Click for The Guide for Pensions Trustees
Home > Relationships between the Trustees and Others

3.0 Introduction

This section outlines the relationship between the trustees and the principal employer who, along with any participating employers, are the primary parties to the trust. It covers:

• 

duties of the principal employer

• 

duties of the trustees [see also 5.0]

• 

independence of the trustees’ role

• 

potential conflicts of interest

• 

the selection and appointment of member-nominated trustees/directors

• 

action on appointment and resignation of trustees, and

• 

training aids.


Comment

Side agreement

Whilst a formal relationship exists between the company and the trustees (through the scheme’s deed and rules), it is worth considering drawing up a written agreement (in hard copy or electronic format) between the company and trustees on the employer’s duties, covering service standards, the timetable for the provision of information and one that will leave no doubt about paying contributions across on time.

Selection of trustees

As far as possible, trustee boards should be a well balanced mix of members and management.
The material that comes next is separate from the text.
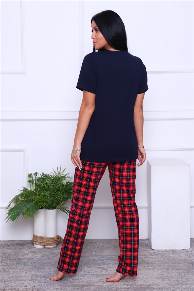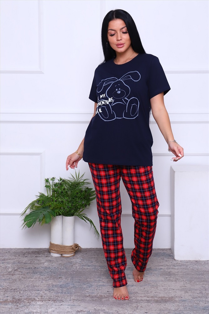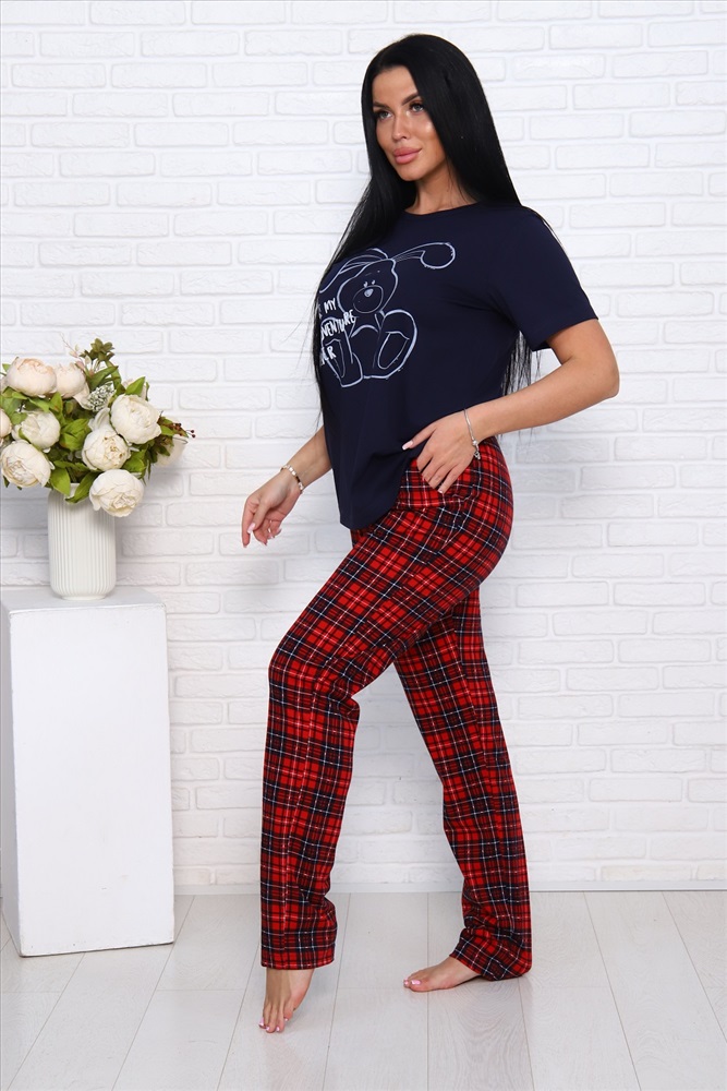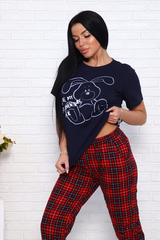 Состав: хлопок 100% Модель: Пижама 57053 Тип товара: пижама с брюками Материал: кулирка | кулирка Бренд: Натали Суслова Карман: боковые Назначение: для дома НДС: 5% Особенности: на резинке Отделка: с печатью Рисунок: клетка | зверюшки Рукав: короткий рукав Сезонность: лето | осень | весна | зима Силуэт: прямой Стиль: домашний Воротник: без воротника Застежка: без застежки Пижама женская с актуальным новогодним принтом заяц на футболке. Стильные брюки в клетку с удобными карманами и комфортным мягким поясом. Милая уютная домашняя одежда подарит радость Вам и вашим близким! Таблица размеров и весафутболка

The Pensions Regulator recommends including a professional trustee on the board, using detailed technical knowledge and experience of good practice in different schemes to bring valuable insight, impartiality and objectivity. 

Under the Pensions Act 1995, there was no initial obligation for member-nominated trustees to have to be selected. This was because the Act introduced a provision allowing for ‘alternate selection arrangements’ to be adopted. Under the Pensions Act 2004, effective 31 October 2007 employers ceased to be able to ‘opt out’ of having member-nominated trustees and the minimum number of one-third of member-nominated trustees/directors has been governed by a code of practice issued by the Pensions Regulator. [See 24.10.2(viii)] Also, legislation is in place to enable the government to increase, if it wishes, the minimum number of member-nominated trustees from one-third to one-half of all trustees (possibly disregarding independent trustees).

Potential for conflicts of interest

The Pensions Regulator has recognised that, by their nature, conflicts of interest may be difficult to manage and therefore have potential to pose a risk to good governance. It has issued proposed guidance based on five ‘high-level’ principles:

(a) 

understanding the importance of conflicts of interest

(b) 

conflicts of interest policy

(c) 

identifying conflicts of interest

(d) 

evaluation, management or avoidance of conflicts, and

(e) 

managing adviser conflict.

The guidance specifically refers to potential conflicts experienced by trustees who also hold a senior position with the sponsoring employer.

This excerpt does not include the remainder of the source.